Not that there's anything wrong with that.


----------



## bvibert (May 19, 2010)

I call shenanigans.  We need to get the Bacon Institutes take on this.

http://www.baconinstitute.com/


----------



## Geoff (May 19, 2010)

ctenidae said:


> That's a silicon-added meat product.
> 
> Not that there's anything wrong with that.

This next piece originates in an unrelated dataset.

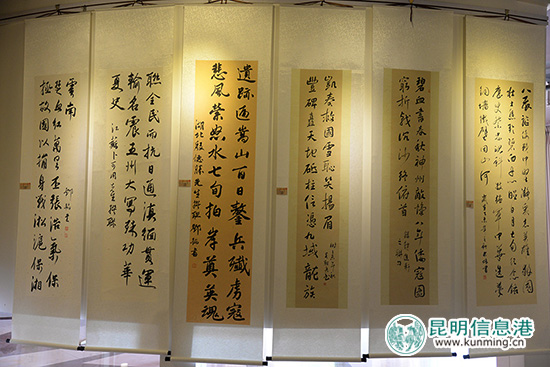 昆明信息港讯 记者上官艳君 10月19日,“纪念抗战胜利70周年获奖楹联诗词书画作品展”在五华区图书馆开展,50余幅题材广泛、格调高雅、内容丰富,融艺术性、教育性、纪念性于一体的作品展出。
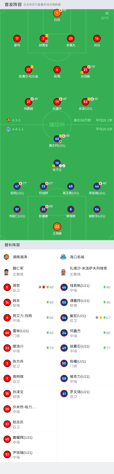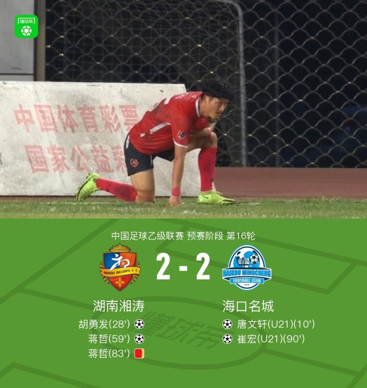 湖南湘涛2-2海口名城,张子立两助攻,崔宏绝平比分

Noooooo!   Next, you'll be telling me that pro wrestling is fake, too!


----------



## drjeff (May 19, 2010)

That's why you gotta eat all those tasty meat products with a BEER! :beer:.  Since beer is good for you! [size=-4](in moderation)[/size] So in my book, if you eat the so called :smash:"bad" meat with a good beer, the optimist in me says that good wins out over bad, so it's all okay!  That's my story, I'm sticking to it!


----------



## Black Phantom (May 19, 2010)

Geoff said:


> Noooooo!   Next, you'll be telling me that pro wrestling is fake, too!



It is???


----------



## TheBEast (May 19, 2010)

severine said:


> Wait...there's an American Meat Institute? :blink:



Highly subsidized by the american taxpayer I'm sure.....or just another far flung industry group that lobbies congress on behalf of the meat industry.


----------



## wa-loaf (May 19, 2010)

severine said:


> Wait...there's an American Meat Institute? :blink:



Sounds like a gay porn website. Not that there's anything wrong with that ...


----------



## legalskier (May 19, 2010)

I'm confused...I thought bacon is good for me.

*http://www.youtube.com/watch?v=PRGz9xSP_SA*


----------



## riverc0il (May 19, 2010)

F that. I am taking my bacon to my grave, early or not.


----------



## Paul (May 19, 2010)

Marc said:


> Ric Romero works for Reuters now?



Some foods are better for your health than others, more at 11:00


----------